> **What you will do**:
With pictures left out, write out exactly every line from the start of the data through the one that contains "时间段,比如 \(t_0 \sim t_2\))".

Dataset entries
────────────────

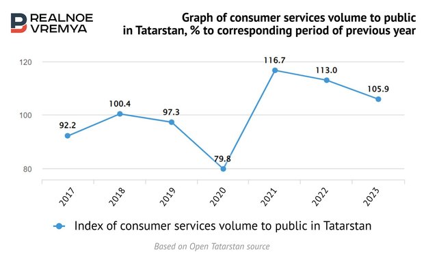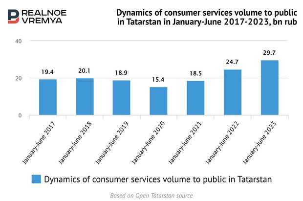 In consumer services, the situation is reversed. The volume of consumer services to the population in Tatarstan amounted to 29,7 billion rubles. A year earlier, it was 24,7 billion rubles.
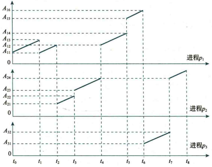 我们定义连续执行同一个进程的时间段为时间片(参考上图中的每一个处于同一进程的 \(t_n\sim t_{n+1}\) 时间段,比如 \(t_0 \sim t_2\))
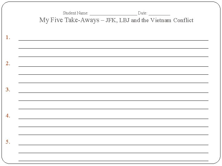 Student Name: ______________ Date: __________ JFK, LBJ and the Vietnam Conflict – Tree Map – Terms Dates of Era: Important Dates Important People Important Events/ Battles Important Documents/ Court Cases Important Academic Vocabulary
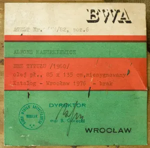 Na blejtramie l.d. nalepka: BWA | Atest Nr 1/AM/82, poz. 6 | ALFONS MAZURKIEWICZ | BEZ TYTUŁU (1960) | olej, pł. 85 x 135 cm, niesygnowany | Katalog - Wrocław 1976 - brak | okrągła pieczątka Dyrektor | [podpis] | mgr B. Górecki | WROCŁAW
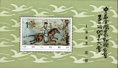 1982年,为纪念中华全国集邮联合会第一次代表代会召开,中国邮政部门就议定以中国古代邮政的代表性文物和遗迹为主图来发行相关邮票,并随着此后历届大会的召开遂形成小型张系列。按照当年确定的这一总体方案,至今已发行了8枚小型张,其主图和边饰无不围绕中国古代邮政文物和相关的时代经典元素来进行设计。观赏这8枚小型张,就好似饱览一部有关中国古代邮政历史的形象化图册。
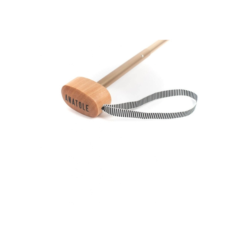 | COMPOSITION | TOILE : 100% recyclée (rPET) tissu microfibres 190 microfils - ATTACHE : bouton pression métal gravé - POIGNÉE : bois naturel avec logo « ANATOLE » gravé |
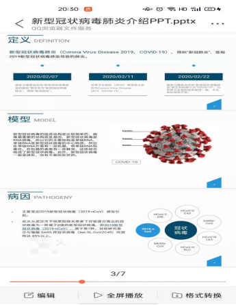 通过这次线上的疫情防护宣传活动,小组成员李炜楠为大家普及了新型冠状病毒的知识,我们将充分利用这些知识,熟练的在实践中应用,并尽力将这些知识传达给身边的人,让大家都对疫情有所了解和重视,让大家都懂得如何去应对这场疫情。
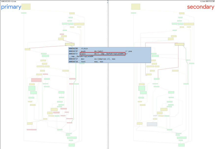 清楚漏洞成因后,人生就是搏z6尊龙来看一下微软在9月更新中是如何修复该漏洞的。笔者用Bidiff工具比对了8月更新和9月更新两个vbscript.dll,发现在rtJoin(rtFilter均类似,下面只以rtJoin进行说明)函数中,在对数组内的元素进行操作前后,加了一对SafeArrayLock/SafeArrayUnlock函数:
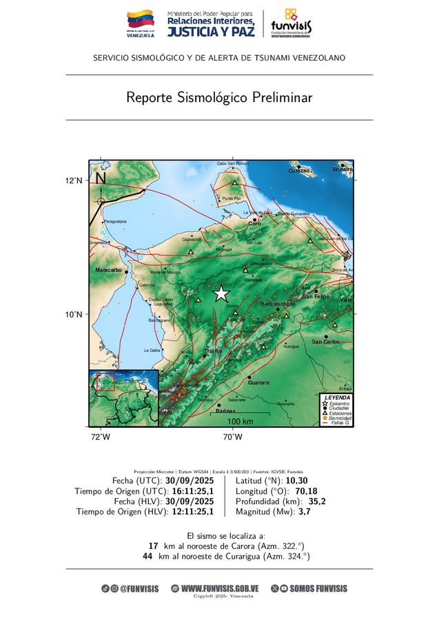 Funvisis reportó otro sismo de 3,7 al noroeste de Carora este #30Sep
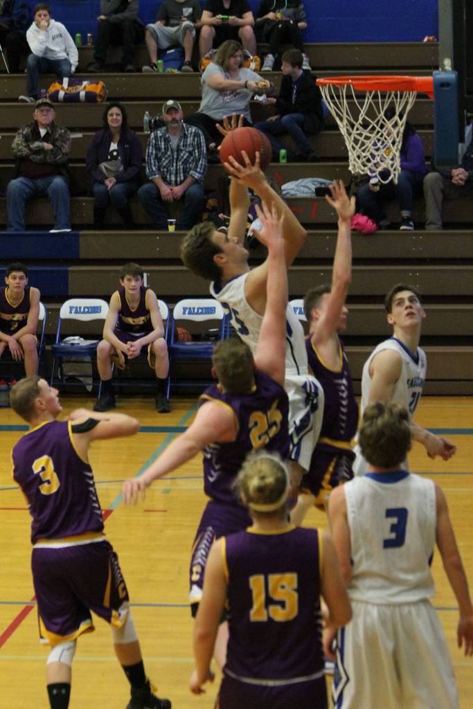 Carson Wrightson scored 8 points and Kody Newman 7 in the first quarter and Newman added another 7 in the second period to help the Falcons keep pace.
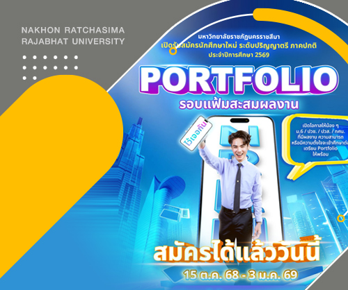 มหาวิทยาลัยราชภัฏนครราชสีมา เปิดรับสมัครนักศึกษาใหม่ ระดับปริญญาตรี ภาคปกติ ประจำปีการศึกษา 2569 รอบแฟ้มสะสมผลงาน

────────────────

> **Exercise solution**:
 In consumer services, the situation is reversed. The volume of consumer services to the population in Tatarstan amounted to 29,7 billion rubles. A year earlier, it was 24,7 billion rubles.
 我们定义连续执行同一个进程的时间段为时间片(参考上图中的每一个处于同一进程的 \(t_n\sim t_{n+1}\) 时间段,比如 \(t_0 \sim t_2\))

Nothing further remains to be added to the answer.